Scatter-gather parallelism

Parallelism is a way to make a program finish faster by performing several operations in parallel, rather than sequentially (i.e. waiting for each operation to finish before starting the next one). For a more detailed introduction on parallelism, you can read about it in-depth here.

Diagram depicting parallelism. Three separate inputs are individually used as input to the same workflow running in parallel. The workflow runs the input through a process StepA. Each independent workflow produces one output which is are then gathered and all used together as input to a new process StepB, which produces a single output.

To do this, we use the scatter function described in the WDL 1.0 spec, which will produce parallelizable jobs running the same task on each input in an array, and output the results as an array as well.

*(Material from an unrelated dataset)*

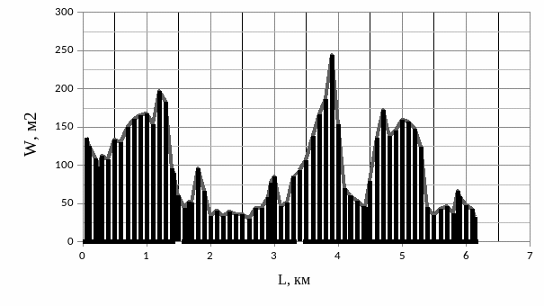 Рисунок 2.3 – График площадей поперечных сечений и объемы земляных работ для первого варианта новой трассы

The code below shows an example of the scatter function:

version 1.0
workflow wf {
  input {
    Array[File] inputFiles
  }
  scatter (oneFile in inputFiles) {
    call stepA {
     input: 
       in = oneFile 
    }
  }
  call stepB { 
    input: 
      files = stepA.out
  }
}

The magic here is that the array of outputs is produced and passed along to the next task without you ever making an explicit declaration about it being an array.

Even though the output of stepA looks like a single file based on its declaration, just referring to stepA.out in any other call statement is sufficient for WDL to know that you mean the array grouping the outputs of all the parallelized stepA jobs.

In other words, the scatter part of the process is explicit while the gather part is implicit.

Generic example script

To put this in context, here is what the code for the workflow illustrated above would look like in full:

version 1.0
workflow ScatterGather {
  input {
    Array[File] inputFiles
  }

  scatter (oneFile in inputFiles) {
    call stepA { 
      input: 
        in = oneFile 
    }
  }
  call stepB { 
    input: 
      files = stepA.out 
  }
}

task stepA {
  input {
    File in
  }
  command <<<
   programA I=~{in} O=outputA.ext 
  >>>
  output { 
    File out = "outputA.ext" 
  }
}

task stepB {
  input {
    Array[File] files
  }
  command <<<
   programB I=~{files} O=outputB.ext 
  >>>
  output { 
    File out = "outputB.ext" 
  }
}

Concrete example

Let’s look at a concrete example of scatter-gather parallelism in a workflow designed to call variants individually per-sample (HaplotypeCaller), then to perform joint genotyping on all the per-sample GVCFs together (GenotypeGVCFs).

Diagram depicting how three individual sample BAM files are used as input to the HaplotypeCallerERC tools in parallel. Each individual run of the tool produces a GVCF. The GVCFs are gathered and the array is used as an input to the GenotypeGVCFs tool, which produces a raw VCF file as final output.

The workflow involves two tasks:

  • HaplotypeCallerERC takes in a File bamFile and produces a File GVCF.
  • GenotypeGVCFs takes in an Array[File] GVCF and produces a File rawVCF.

Concrete example script

This is what the code for the workflow illustrated above would look like:

version 1.0
workflow ScatterGatherExample {
  input {
    Array[File] sampleBAMs
  }

  scatter (sample in sampleBAMs) {
    call HaplotypeCallerERC { 
      input: 
        bamFile=sample 
    }
  }
  call GenotypeGVCF {
   input: 
     GVCFs = HaplotypeCallerERC.GVCF 
  }
}

task HaplotypeCallerERC {
  input {
    File bamFile
  }
  command <<<
    java -jar GenomeAnalysisTK.jar \
        -T HaplotypeCaller \
        -ERC GVCF \
        -R reference.fasta \
        -I ~{bamFile} \
        -o rawLikelihoods.gvcf
  >>>
  output {
    File GVCF = "rawLikelihoods.gvcf"
  }
}

task GenotypeGVCF {
  input {
    Array[File] GVCFs
  }
  command <<<
    java -jar GenomeAnalysisTK.jar \
        -T GenotypeGVCFs \
        -R reference.fasta \
        -V ~{GVCFs} \
        -o rawVariants.vcf
  >>>
  output {
    File rawVCF = "rawVariants.vcf"
  }
}

For simplicity, we omitted the handling of index files in the code above, which has to be done explicitly in WDL.

Additionally, please note that we did not expressly handle delimiters for Array data types in this example.

Scatter limitations

Note that the max allowable scatter width per scatter in Terra is 35,000.